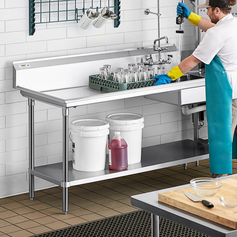 Use this Regency 66" x 21" stainless steel dish table undershelf to easily add quick and convenient storage space below your dish tables. It's constructed of durable 18 gauge type 304 stainless steel, and it features 10" high legs on one side. This undershelf is designed to fit 6' dish tables.
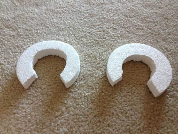 Tomar los dos discos de espuma y usan un cuchillo xacto (o un cuchillo de la caja) para cortar un agujero en el centro del disco, además de cortan una pieza para hacer la forma de 'C'.
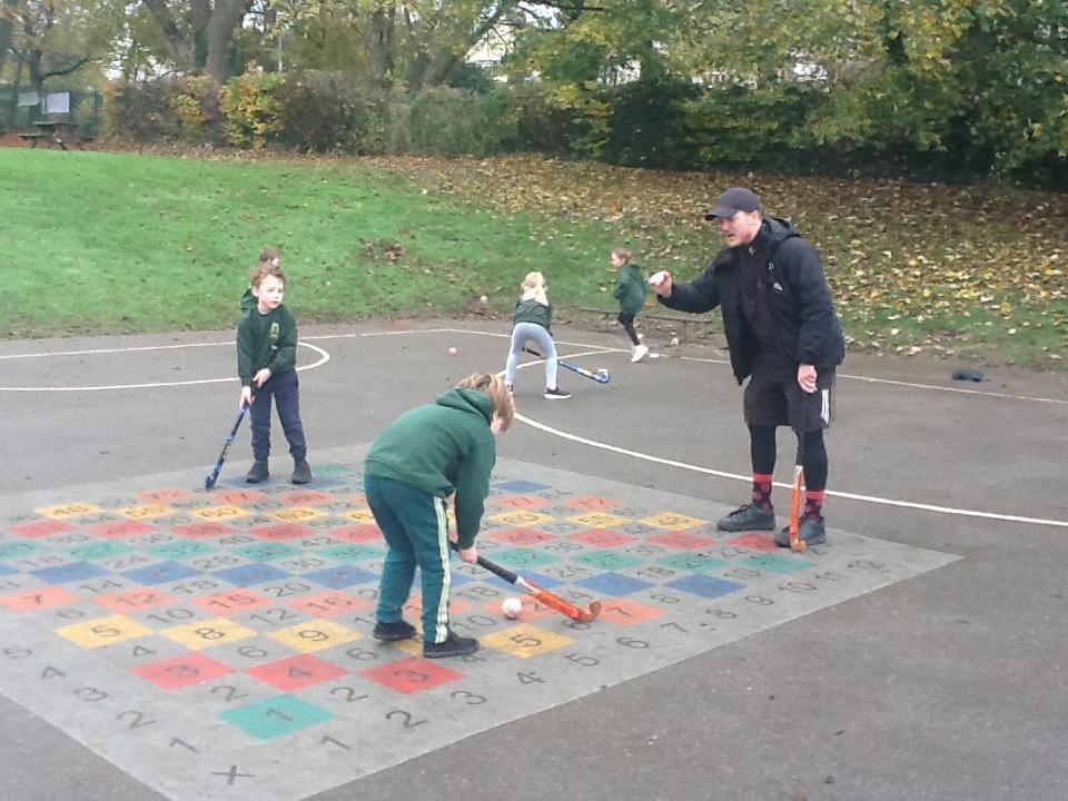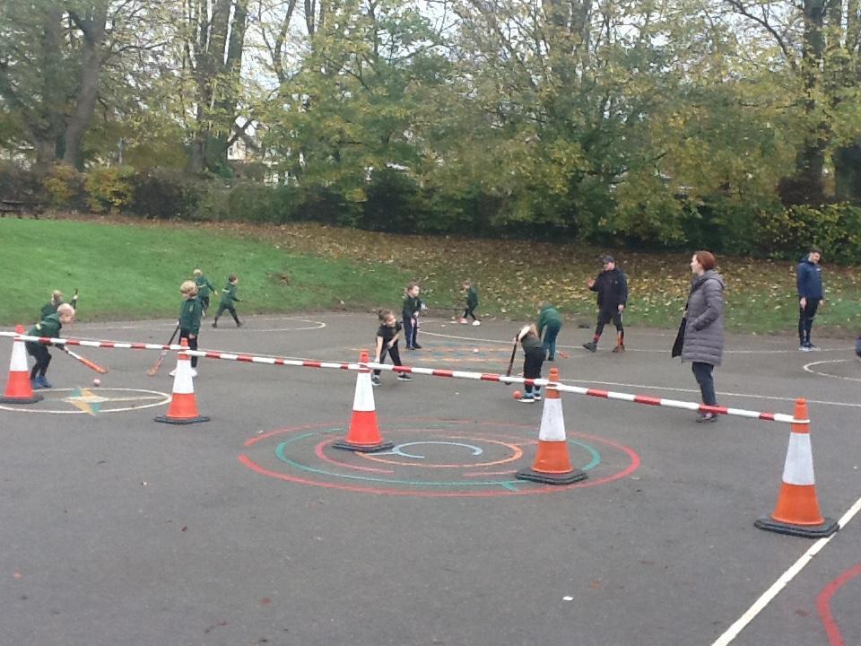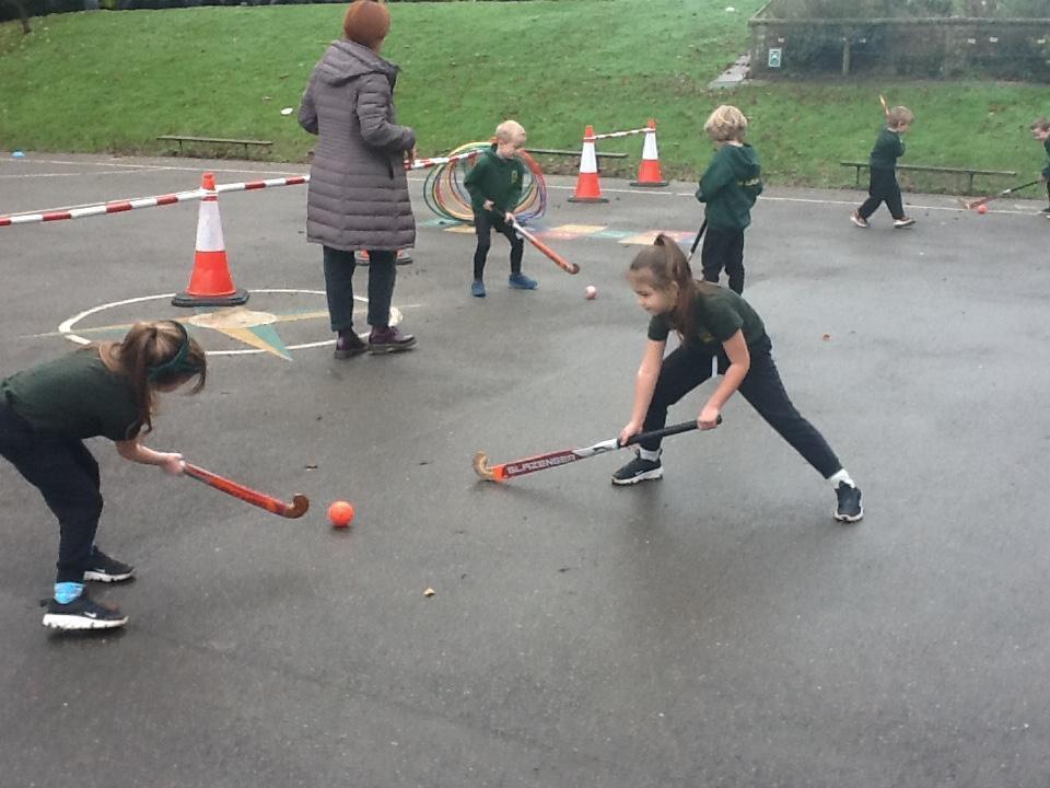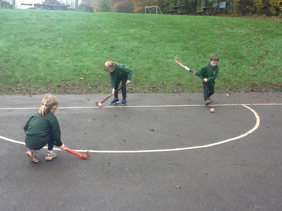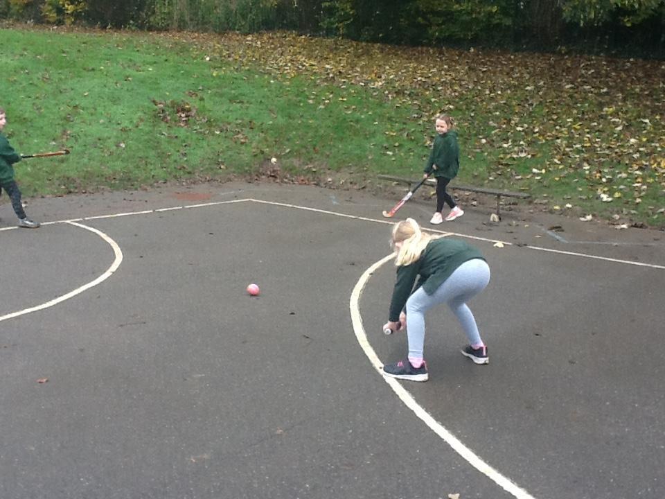 This term we are learning to play hockey. Today we learned to pass and stop the ball holding our hockey sticks correctly.
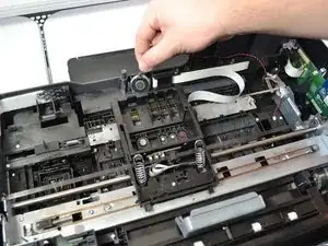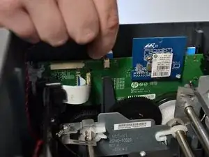 Ухватитесь за основание белого шлейфа, соединяющего крышку с основанием принтера, и вытяните его.
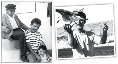 Οι κράχτες μου ήταν ένα ορφανό γλαράκι, που το μεγάλωσα και το φώναζα «Ελα», αλλά και ένα χελωνάκι, το οποίο είχα βρει στη θάλασσα και το κρατούσα σε μια λιμνούλα έξω από το σπίτι μου. Είμαι πολύ καλός δέκτης με τα ζώα. Μετά πήρα και τον γνωστό πελεκάνο, τον Πέτρο, ο οποίος εμφανίστηκε το 1959-1960 στο νησί και τον αγαπούσαμε όλοι.

··········

*WHAT TO PRODUCE*
Without the pictures, please reproduce each line of the listing above exactly, from the first one through the line bearing "Tomar los dos".

*REPLY TO THE TASK*
 Use this Regency 66" x 21" stainless steel dish table undershelf to easily add quick and convenient storage space below your dish tables. It's constructed of durable 18 gauge type 304 stainless steel, and it features 10" high legs on one side. This undershelf is designed to fit 6' dish tables.
 Tomar los dos discos de espuma y usan un cuchillo xacto (o un cuchillo de la caja) para cortar un agujero en el centro del disco, además de cortan una pieza para hacer la forma de 'C'.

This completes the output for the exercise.